The rallies and 175 teach-ins have been organized in large part to protest the Republican-led efforts in Wisconsin and Ohio to curb collective bargaining for public employees. In some ways, the day of rallies aim to build on the union protests in those two states and to warn labor’s adversaries in state capitals and Washington that unions remain a force to contend with in politics and that unions have many supporters.
Organizers of the rallies also said they wanted to draw attention to federal and state budget cuts that they said were hurting the most vulnerable Americans.

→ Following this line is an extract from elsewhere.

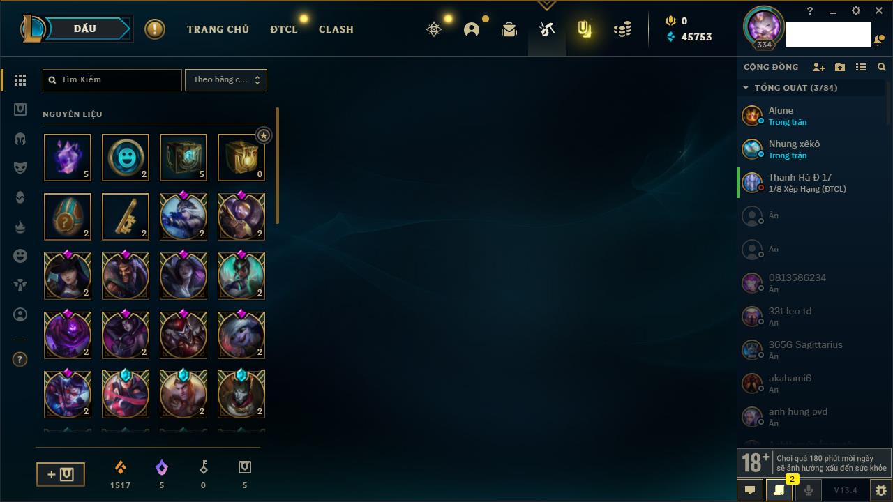 Rank Đơn: Chưa RankKhung: Chưa có khungTướng: 162 - Còn 23234 THXTrang Phục: 150Rank ĐTCL: Chưa RankLinh Thú: 42

When the 2012 elections heat up next summer, we may be looking back at this day as a tipping point in gains by Democrats at the ballot box. The over-reaching and completely unnecessary moves by Wisconsin Gov. Scott Walker and other Republicans around the country awakened a slumbering group of progressives that might not otherwise have been as enthused about 2012. Walker’s efforts to take away collective bargaining rights prompted unprecedented demonstrations locally and created a firestorm that swept across the country.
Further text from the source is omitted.